Task item:
The lines below, from the first through the one containing "Klasikinio dizaino vieno", are to be given again exactly, with pictures left out and nothing added.

Given information:

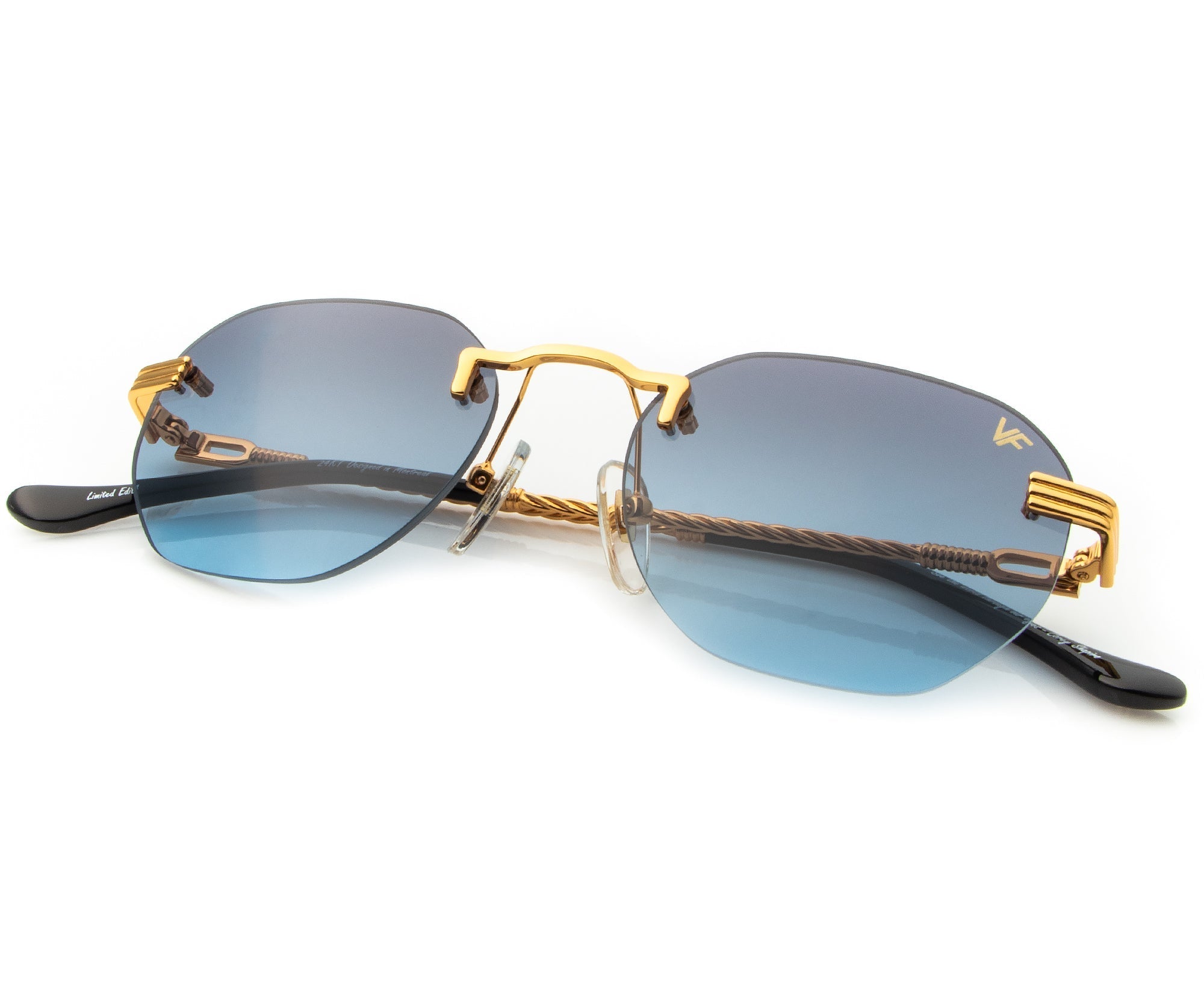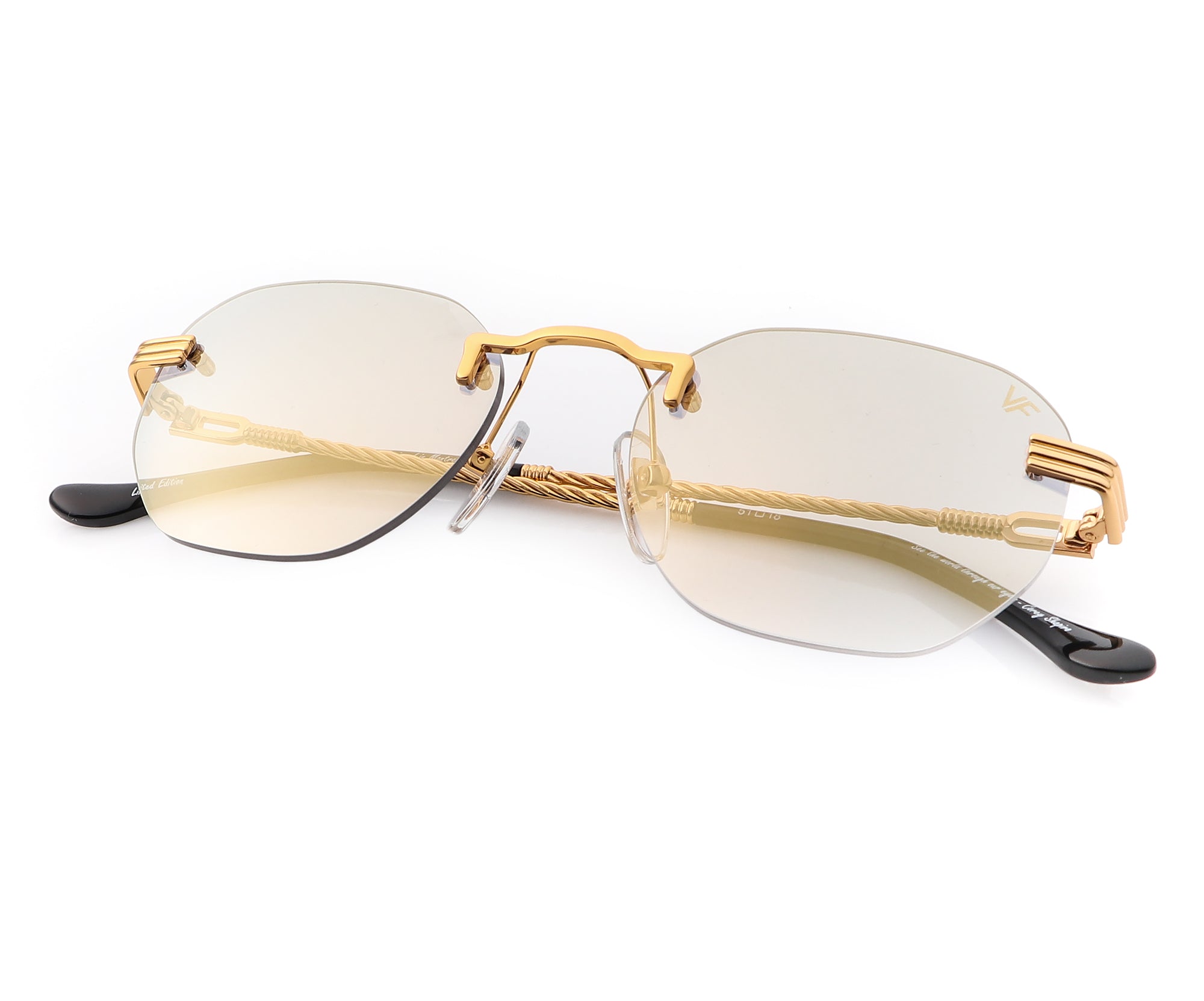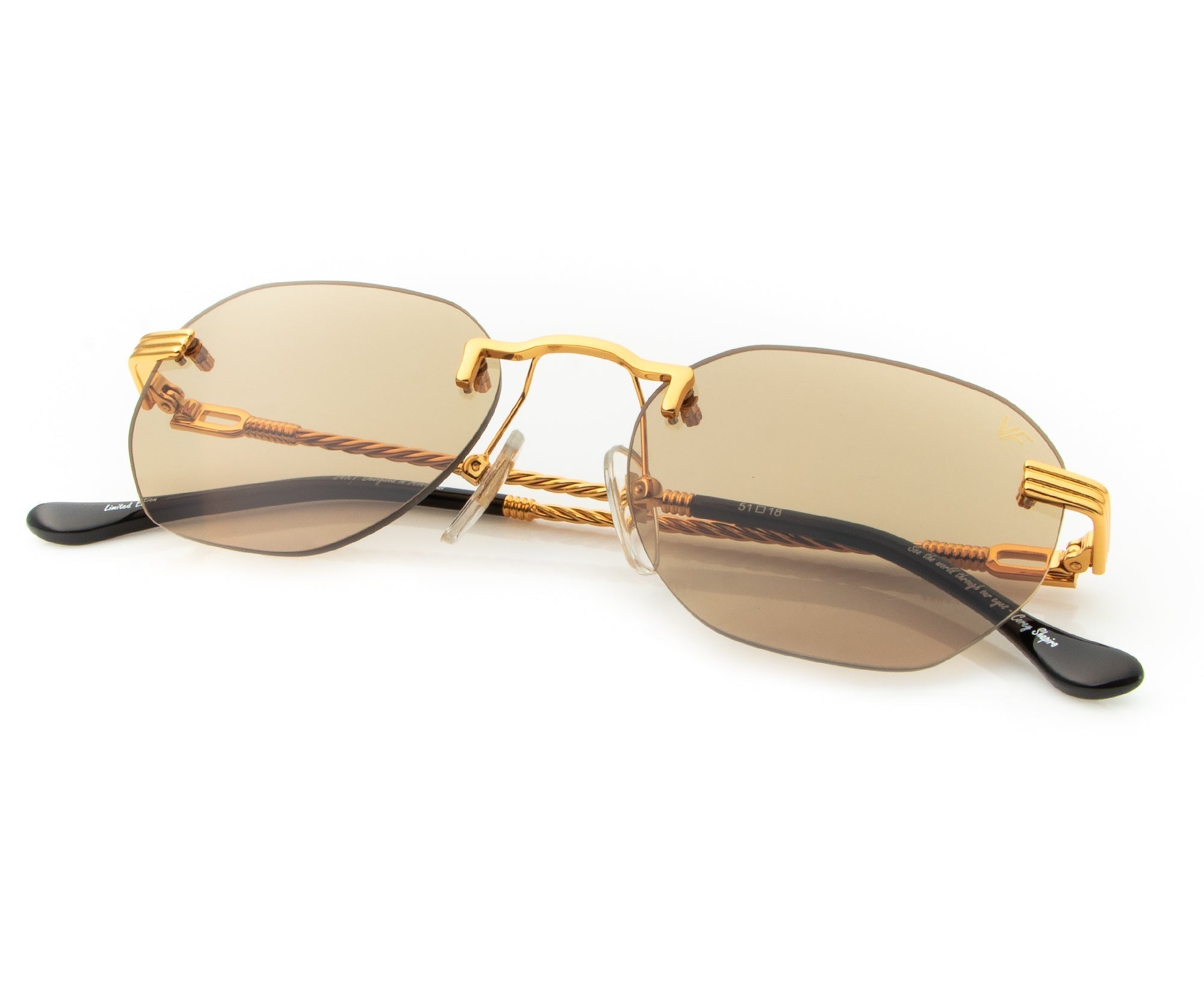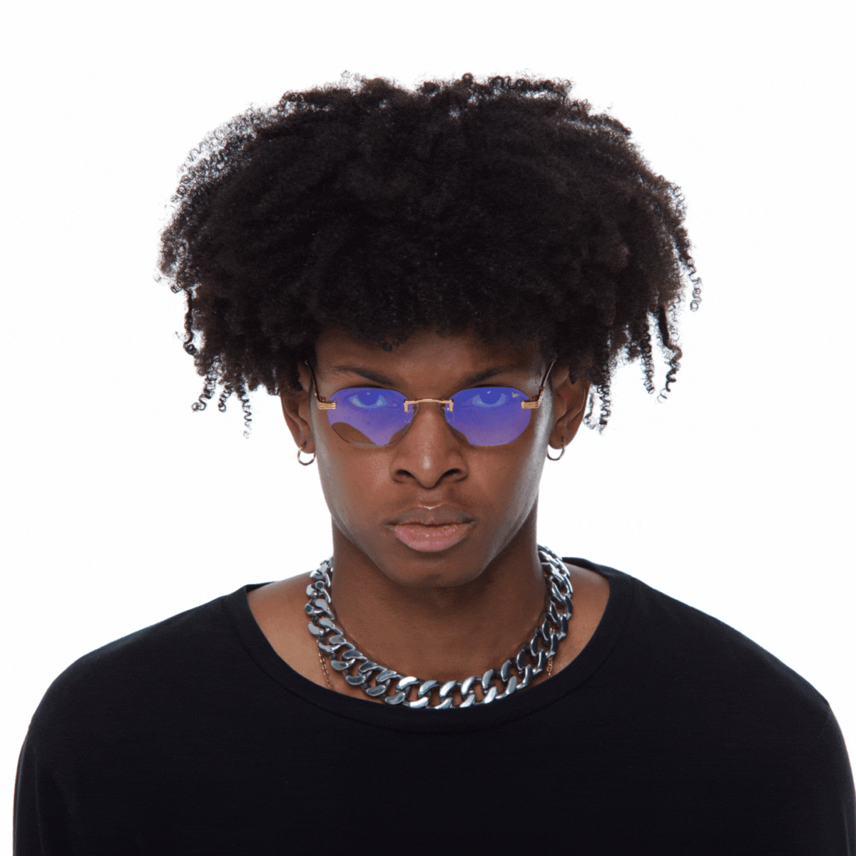 The fastest selling frame of all time is now available in a rimless style. The Detroit Player drill mount has 24kt gold nose bridge and our classic rope detailed arms. Available in an array of our iconic sun lenses and is also available for prescription.
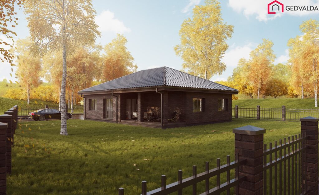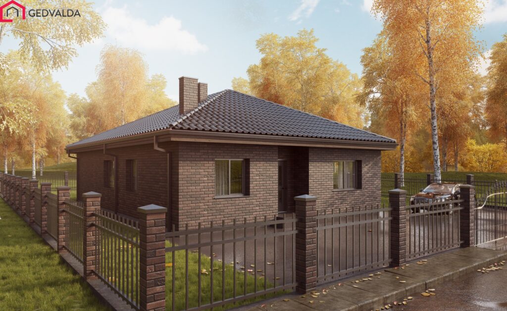 Klasikinio dizaino vieno aukšto gyvenamasis namas. Name suprojektuoti trys miegamieji kambariai. Name numatytas bendras tualetas – vonia. Suprojektuota pagalbinė patalpa. Name numatyta erdvi svetainės- virtuvės patalpa. Kiemo zonoje įrengiama terasa, į kurią patenkama iš svetainės- virtuvės patalpos.
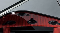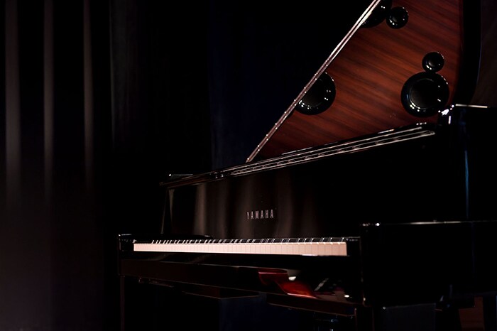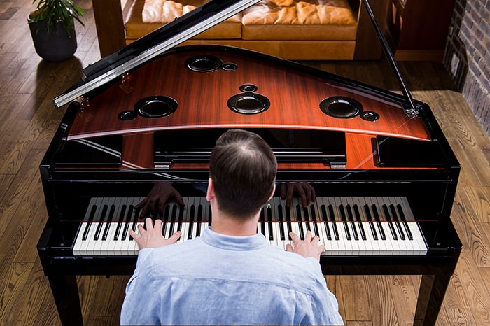 Naast het vierkanaals Spatial Acoustic Speaker System, beschikt de AvantGrand over een vlak zangbodemresonatorpaneel dat zich onder de lessenaar bevindt, over de hele breedte van het instrument. Dit component zorgt voor een subtiele reproductie van de opbouw van het geluid dat u voelt wanneer u op een akoestische vleugel speelt. Het werkt door gebruikmaking van een oscillerende transducer die trillingen overbrengt naar het vlakke paneel op de zangbodem, wat zorgt voor een realistische klankweergave die met name effect heeft in het hogere toetsbereik.

Answer for this exercise:
 The fastest selling frame of all time is now available in a rimless style. The Detroit Player drill mount has 24kt gold nose bridge and our classic rope detailed arms. Available in an array of our iconic sun lenses and is also available for prescription.
 Klasikinio dizaino vieno aukšto gyvenamasis namas. Name suprojektuoti trys miegamieji kambariai. Name numatytas bendras tualetas – vonia. Suprojektuota pagalbinė patalpa. Name numatyta erdvi svetainės- virtuvės patalpa. Kiemo zonoje įrengiama terasa, į kurią patenkama iš svetainės- virtuvės patalpos.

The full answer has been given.